We have a gendered safety gap and we pretend that it has no effect, when it does. It affects everything from how we dress to the suppression of our speech as a result of this violence and its threat.”
I once found myself alone and lost in a foreign city on a national holiday. The streets I had wandered only a few nights earlier after fish and chips with friends were now bustling with celebrators and tourists…and ever alleyway looked the same. And I was scared. I tried not to show it. I tried to look confident, like I had half a clue of where I was, but I was afraid. I felt vulnerable and every moment that passed made me wonder if I might have trouble down the next street.
It was not the city itself which caused the fear. The fear was not intensified by any language barrier. It was not even the group of men standing outside the corner pub, glasses of beer in hand…at least, not those exact men. None of them bothered me. I blended into the ever-moving crowd. But the idea of what those men were capable of, should they fancy having fun at my expense, was the true source of my fear. I had never felt so profoundly female.
I’m not talking about my femininity or even the physical form of my body. I’m talking about the sudden awareness that I was a girl wandering a man’s world alone. I was feeling the effect of the “gender safety gap”.

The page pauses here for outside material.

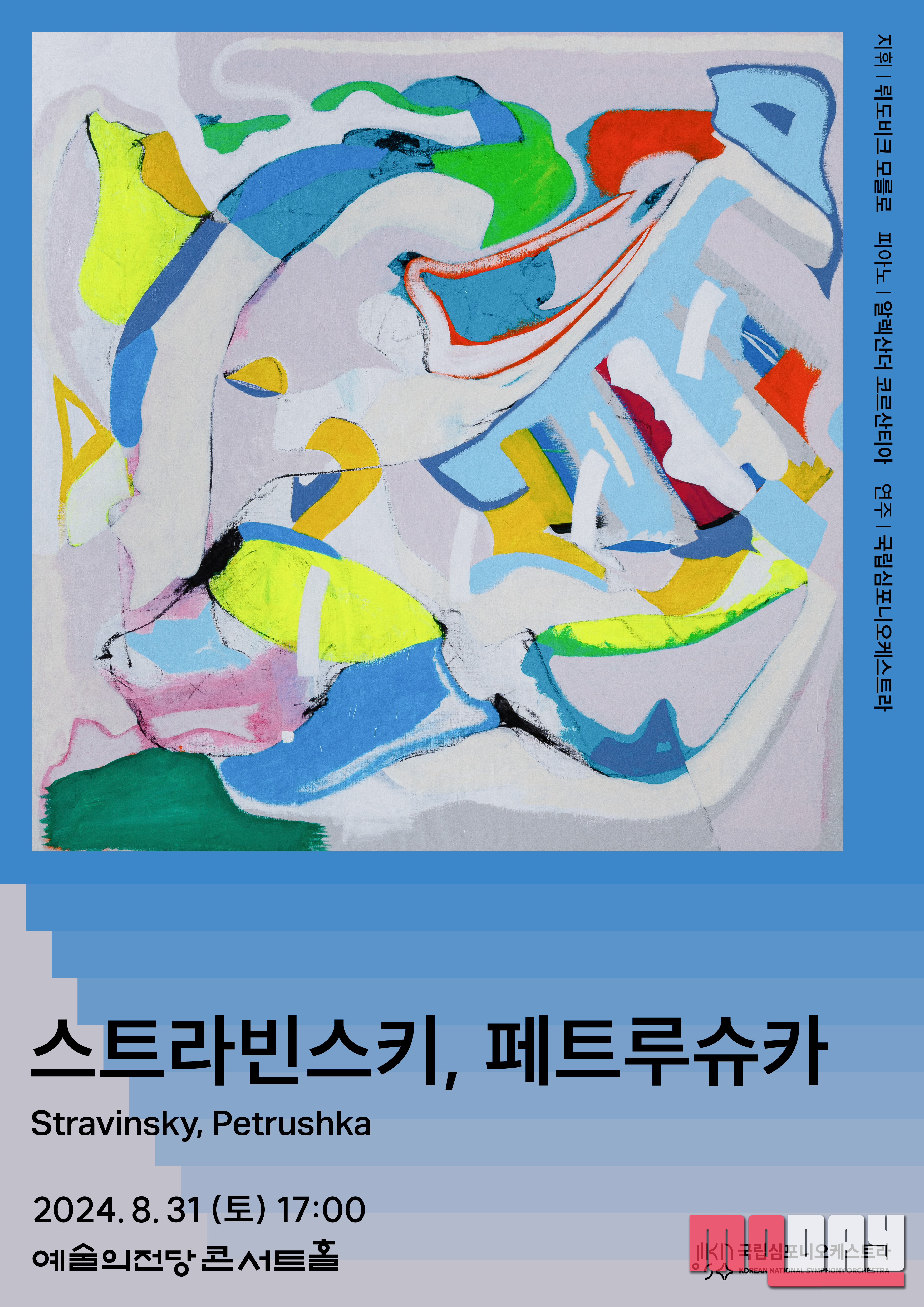 또한 국립심포니는 클래식 음악의 새로운 감상 지평을 열고자 미술작가와의 협업을 진행하고 있다. 이번 포스터 작업에는 마이큐(My Q)가 참여했다. 200곡이 넘는 작품을 발표한 싱어송라이터이자 화가이다. 발레 원작인 ‘페트루슈카’ 속 다채로운 리듬과 선율을 캔버스 색과 선으로 담아내 ‘상상 속 발레리나’를 통한 작품의 ‘자유로움’을 이야기한다.

I was alone for just over an hour. I often imagine what sort of things I might have discovered had I not a female, but a human presence. Who might I have met? What new drink might I have tried? What photographs might I have been able to add to my album upon returning home?
And if I had been assaulted, would it have been my fault for walking? Would my clothing have been to blame; the multiple layers of clothes I had on to keep out the cold? Would it have been my fault for being in the wrong place at the wrong time?

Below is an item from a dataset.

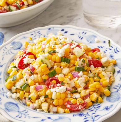 - To the dressing, add the corn kernels, cucumber, tomatoes, red onion, feta cheese, and basil. Stir until well mixed. Cover and chill for at least one hour before servings. The salad can be refrigerated for up to 3 days.

Reading about the travel exploits of men, you would be hard pressed to find the protagonist fearing sexual violence or altering his travel plans to avoid the threat of hypothetical danger. And, whether it’s a societal expectation of masculinity or a natural male inclination (or a blend of both), danger is just part of the thrill of travel.
That is not to say that there are no safety risks to men who travel alone. That would be an unfair representation. Men are victims of theft and assault. Yet “Top Ten Tips” lists for safe travel alone are far more likely to address single women. Female travelers, as Tara Burton points out, are naturally more limited in the thrills they may safely seek.
The threat is not some phantom created by a woman’s overactive imagination or delusions of victim-hood. It is not something women bring upon themselves. It is the daily reality – whether we’re on the road or not – of women living in a world which has so long exploited them. A world that interprets a shared conversation over coffee as indication of sexual desire.
As one young woman wrote,
When people ask me about my experience studying abroad in India, I always face the same dilemma. How does one convey the contradiction that over the past few months has torn my life apart, and convey it in a single succinct sentence? ‘India was wonderful,’ I go with, ‘but extremely dangerous for women.’ Part of me dreads the follow-up questions, and part of me hopes for more. I’m torn between believing in the efficacy of truth, and being wary of how much truth people want.
I do not wish to travel the world as a man. Nor do I begrudge men for their travel experiences.
I simply wish to travel with enough confidence to believe that others will respect my worth as a human. I wish to enter a world where branching out on my own is not a luxury. A world where eye contact is not consent. A world where women are treated as human beings and not easy targets.